Towards Principled Task Grouping for Multi-Task Learning
Chenguang Wang, Xuanhao Pan, Tianshu Yu
TL;DR
This work tackles the challenge of negative and positive transfer in multi-task learning by introducing a principled task-grouping approach built on assumption-free transfer gains. It proposes a generic, budget-aware mixed-integer programming framework that assigns tasks to groups to maximize aggregated transfer gains while enforcing real-world constraints, and it provides complexity-aware strategies to reduce computation. Empirical results across Taskonomy, CelebA, COP, and ETTm1 demonstrate consistent gains over STL, traditional MTL, and existing grouping methods, with demonstrated robustness to group-size constraints and substantial efficiency improvements via sampling and lazy collection. The approach offers practical scalability and broad applicability to computer vision, combinatorial optimization, and time-series domains, marking a significant advance in principled, resource-aware MTL design.
Abstract
Multi-task learning (MTL) aims to leverage shared information among tasks to improve learning efficiency and accuracy. However, MTL often struggles to effectively manage positive and negative transfer between tasks, which can hinder performance improvements. Task grouping addresses this challenge by organizing tasks into meaningful clusters, maximizing beneficial transfer while minimizing detrimental interactions. This paper introduces a principled approach to task grouping in MTL, advancing beyond existing methods by addressing key theoretical and practical limitations. Unlike prior studies, our method offers a theoretically grounded approach that does not depend on restrictive assumptions for constructing transfer gains.

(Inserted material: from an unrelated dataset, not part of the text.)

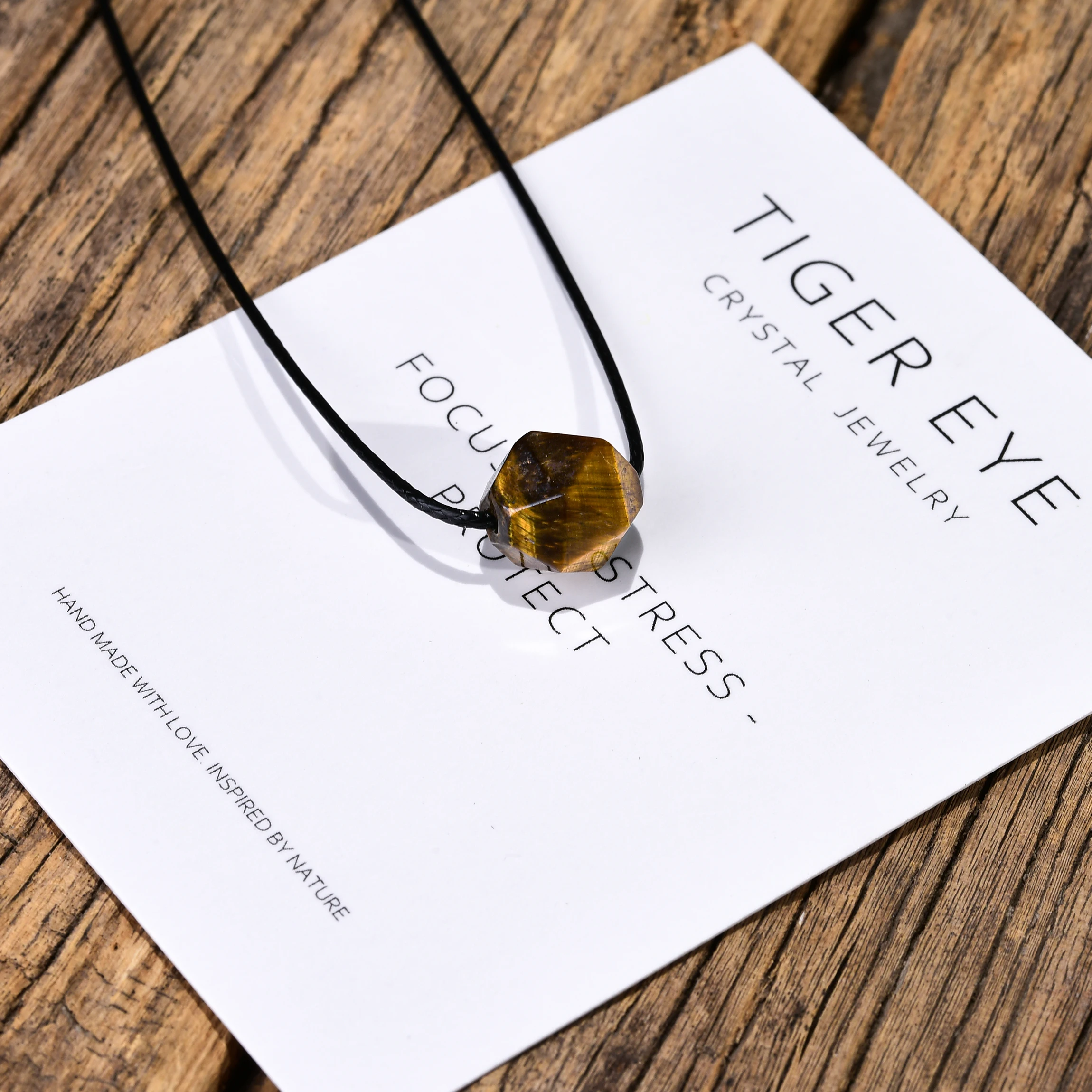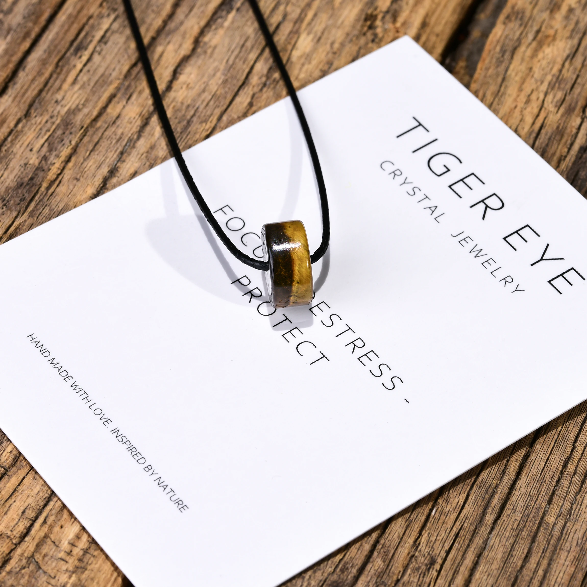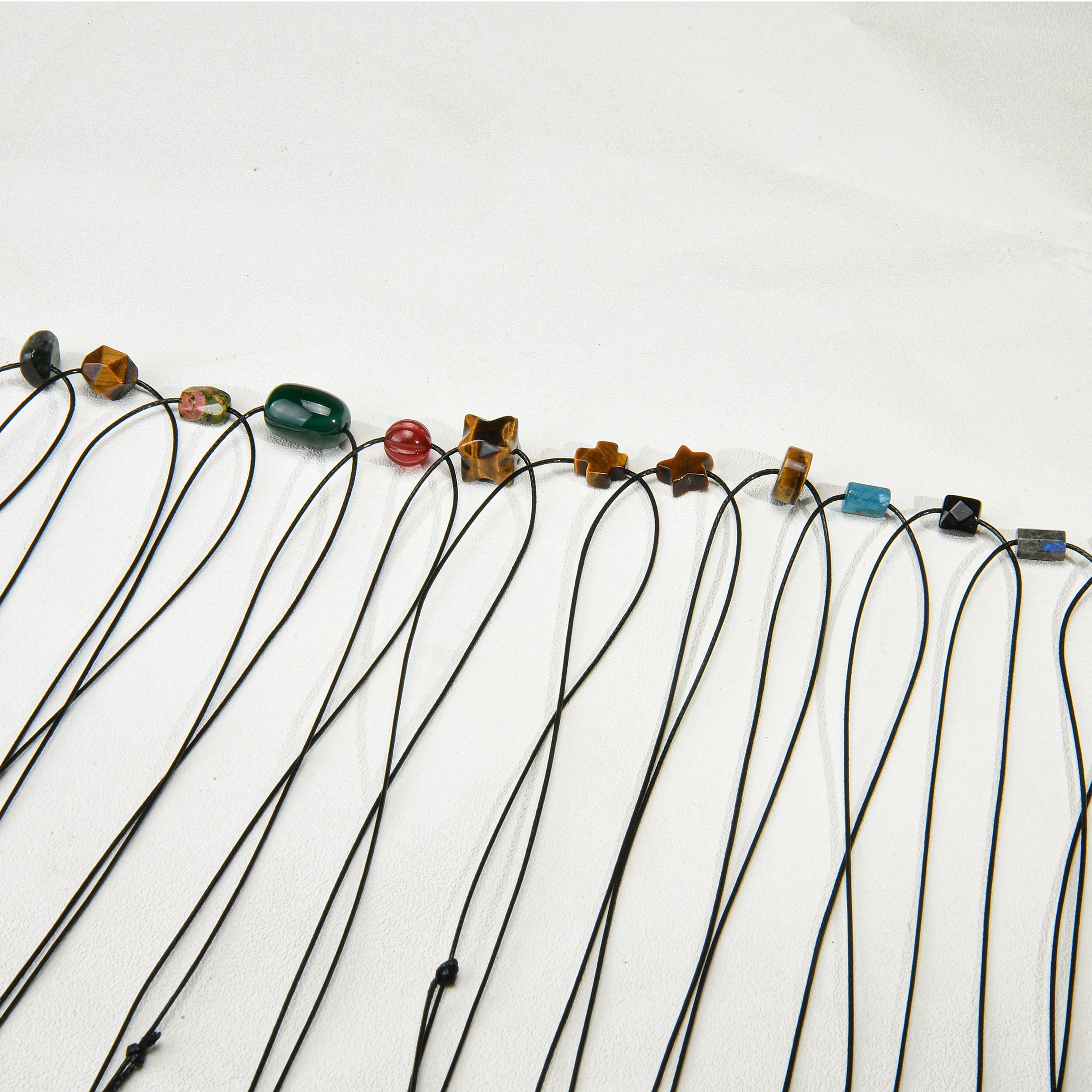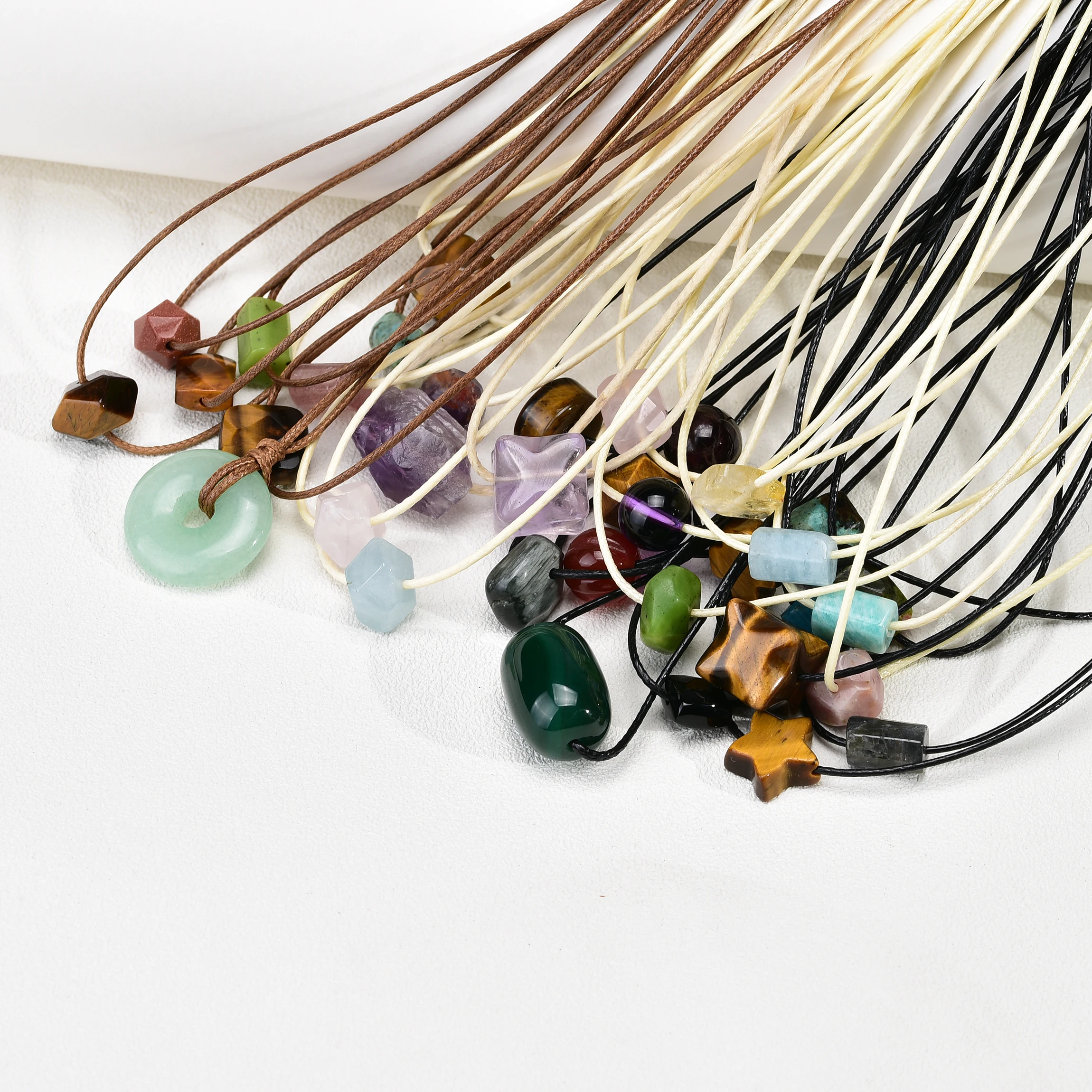 Natural Gemstone Pendant Necklace for Women Jade Amethyst Tiger eye Stone Crystal Wax Cord Adjustable Choker Necklaces

We also present a flexible mathematical programming formulation that accommodates a wide range of resource constraints, thereby enhancing its versatility. Experimental results across diverse domains, including computer vision datasets, combinatorial optimization benchmarks, and time series tasks, demonstrate the superiority of our method over extensive baselines, thereby validating its effectiveness and general applicability in MTL without sacrificing efficiency.